# Homework Help: Zakon Vol 1, Ch2, Sec-6, Prob-19 : Cardinality of union of 2 sets

1. Mar 5, 2012

### dawoodvora

1. The problem statement, all variables and given/known data

Show by induction that if the fi nite sets A and B have m and n elements,
respectively, then
(i) A X B has mn elements;
(ii) A has 2m subsets;
(iii) If further A $\cap$ B = $\varphi$, then A $\cup$ B has m+ n elements.

NOTE : I am only interested in the (iii) section of the problem. Section (i) and (ii), I was able to solve albeit with some help.

2. Relevant equations

3. The attempt at a solution
Here is the attempt at the solution

I am using mathematical induction to solve the query.

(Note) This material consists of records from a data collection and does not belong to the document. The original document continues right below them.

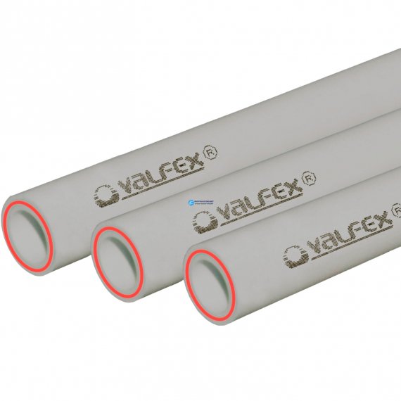Трубы кольцевого сечения из статистического сополимера полипропилена PP-R трехслойные стеклонаполненные (средний слой армирован стекловолокном) (PP-R/PP-R GF/ PP-R) ТМ VALFEX® предназначены для транспортирования воды с температурой до 70°С для хозяйственно-питьевого водоснабжения, низкотемпературного отопления, высокотемпературного отопления отопительными приборами с температурой 90°С, а также для транспортирования других жидких сред, к которым материал труб химически стоек.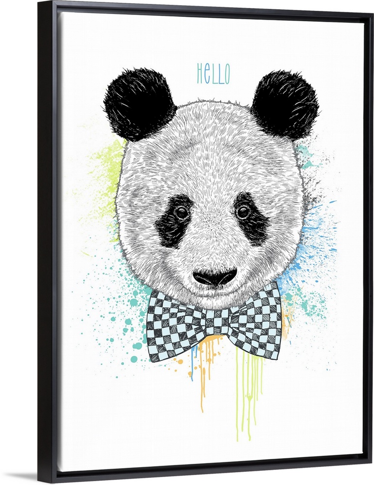 <p>A digital illustration of a panda with a bow tie against splashes of color and "Hello" above.</p>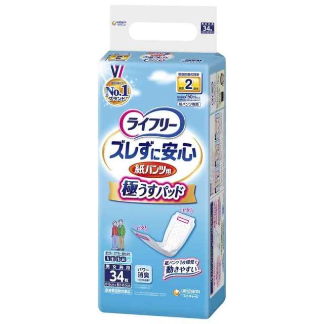 ライフリー パンツ用尿とりパッド ズレずに安心うす型 紙パンツ専用 2回吸収 34枚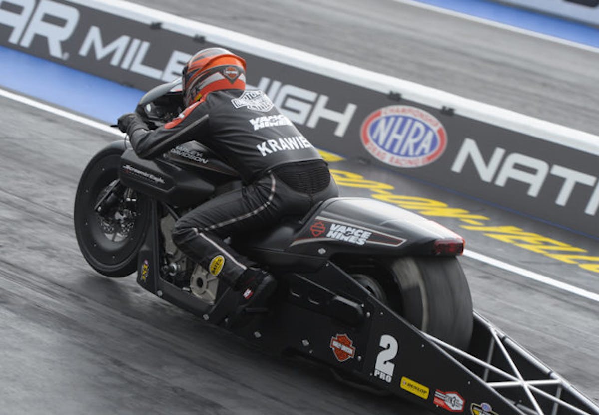 Krawiec finished atop the Pro Stock Motorcycle field with a 7.145 pass at 188.28 in his Screamin’ Eagle Vance & Hines Harley-Davidson to defeat Matt Smith in the final round. After notching his 35th career No. 1 qualifier on Saturday, he earned his second victory of the season and 38th of his career.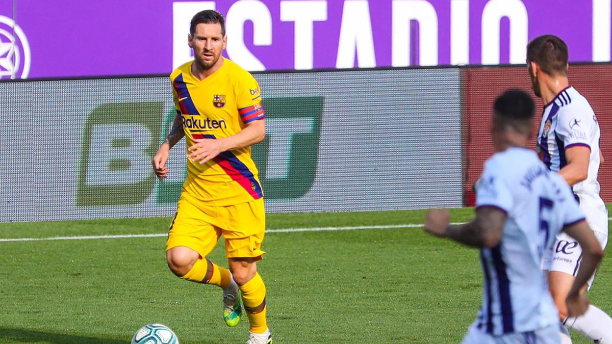 Barcelona, con un nuevo récord del astro rosarino Lionel Messi, le ganó hoy de visitante a Valladolid, 1 a 0, y quedó a un punto del líder, Real Madrid, que el lunes cerrará en cancha de Granada la 36ta fecha de la liga española de fútbol de primera división.

P(n) : |A| = m, |B| = n; |A $\cup$ B| = m + n if A $\cap$ B = $\varphi$.

Basis Step:

P(n = 1) to be proven as true.

Let A = { a1, a2,......am} => |A| = m
Let B = {b1} => |B| = 1

Now A $\cup$ B = {a1, a2,...am,b1}
|A $\cup$ B| = m + 1 elements, since A and B are disjoint(given) Thus P(1) holds true.
Basis Step is proven.

Let us redefine B = {b1, b2, ....., bk, bk+1} => |B| = k+1.
Also |A $\cap$ B| = $\varphi$
Now consider Bk = {b1, b2,..., bk} => Bk $\subset$ B, |Bk| = k

Inductive hypothesis:
Assume P(k) holds true for n = k i.e.,

|A $\cup$ Bk| = m + k, when A $\cap$ Bk = $\varphi$

Inductive Step:

Bk $\subset$ B => B = Bk $\cup$ {bk+1}
A $\cup$ B = A $\cup$ (Bk $\cup$ {bk+1}) = (A $\cup$ Bk) $\cup$ {Bk+1} = m + k + 1 = m + (k + 1) => P(k+1) holds true. Thus Induction is complete.

Somehow, I am not convinced with the solution that I have attempted. Please let me know if I am missing something.

2. Mar 6, 2012

### HallsofIvy

This is wrong. What you have written is 2 times m while, in fact, A has 2m subsets. If you don't want to use LaTeX (as you have below) use 2^m.

That's correct but seems overly complicated. If A and B have no members in common, $A\cup B$ contains every member of A and B- thus has m+ n members.